I grew up in a traditional family in Ireland with a stay at home mother. But they could see how the world worked for women.

Kingsclerelass Fri 08-Dec-17 02:12:46

Plenty of sympathy here too. I work f/t as does my ex but I also do all school runs and full time care/ organising etc. He just shows up once a week expecting a freshly ironed, fed & fragrant child.
The only occasion in 6 years I asked him to put himself out mid-week was for sports day when I had a 3rd interview and could 't organise around it. And ex said "of course I can't, I'll be at work.' Like I arrange flowers all flaming week.

And then when I pushed it, he acted like I'd asked him to donate a kidney, not a couple of hours of his precious time. (.....and breathe )

I didn't want to dump ds on him and stroll away, I wanted to stamp on his head repeatedly.

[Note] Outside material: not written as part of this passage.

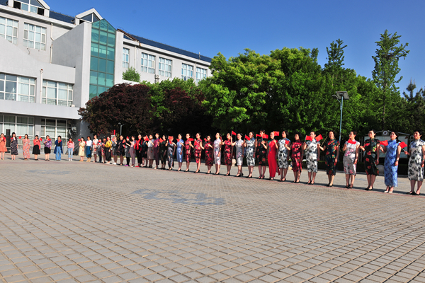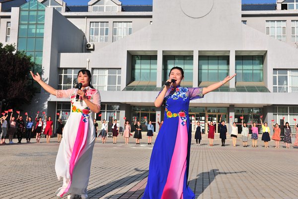 女教职工们身着款式各异的职业装、运动装、时尚装、旗袍装依次登场,形成一道靓丽的风景,展示了潍医女职工的端庄典雅、美丽自信的风采!大家激动地挥动起手中的国旗,一同放声高歌《我爱你,中国》,热烈欢快的气氛,真挚深情的歌舞,表达了潍医人的爱国之情、自豪之心。活动激发了全校教职医护员工爱国爱校情怀,祝福祖国更加繁荣昌盛,向新中国成立70周年华诞献礼。

Still, at least I know where I stand, he is reliably consistently crap! grin. Night.

KickAssAngel Fri 08-Dec-17 02:43:06

but now he has a job and is only renting a 1 bed place, then he can afford a good whack of child support, so get onto CMS pronto and then you can afford some nice things for you & the kids.

AdalindSchade Fri 08-Dec-17 03:28:19

Your oldest is 17 - do they babysit so you can see your boyfriend? Why can't you have him over to stay? Surely a sofa bed and a door on the living room would be sufficient?

InAnglesey Fri 08-Dec-17 08:27:06

quick post before school run.
17yr old does indeed babysit. Does weekends I'm working and makes meals and everything. I have been able to spend nights at bf it's true. But atm it's a bit more complicated. Eldest has a boyfriend with whom she wants to spend more time. She has a part time job. My bf works shifts so the chances of all our schedules working out is slim. Plus obviously I have a bit of good old maternal guilt at leaving them to 'run off to bf' and at relying on 17yr old too much.
My sleeping arrangements were largely dictated by finances. Maybe now ex money could buy me a nice sofa bed grin

InAnglesey Fri 08-Dec-17 08:29:06

Living room also tiny and open to kitchen so privacy not brilliant.

BlackeyedSusan Fri 08-Dec-17 17:45:06

depressing that anyone thinks that the children living with dad full time and mum having contact is not a good thing. so much for the equal parent thing. like shit it is equal. equal parent is used to beat you round the head when ex's want to do something that makes kids miserable or makes life difficult for the parent with care... but good god, if a mother thinks of working full time and paying maintenance and having contact she is somehow defective in her mothering. equality does not come into it with respect to expectations.

of course that works against fathers who want more contact or who would be the better parent to have care more too.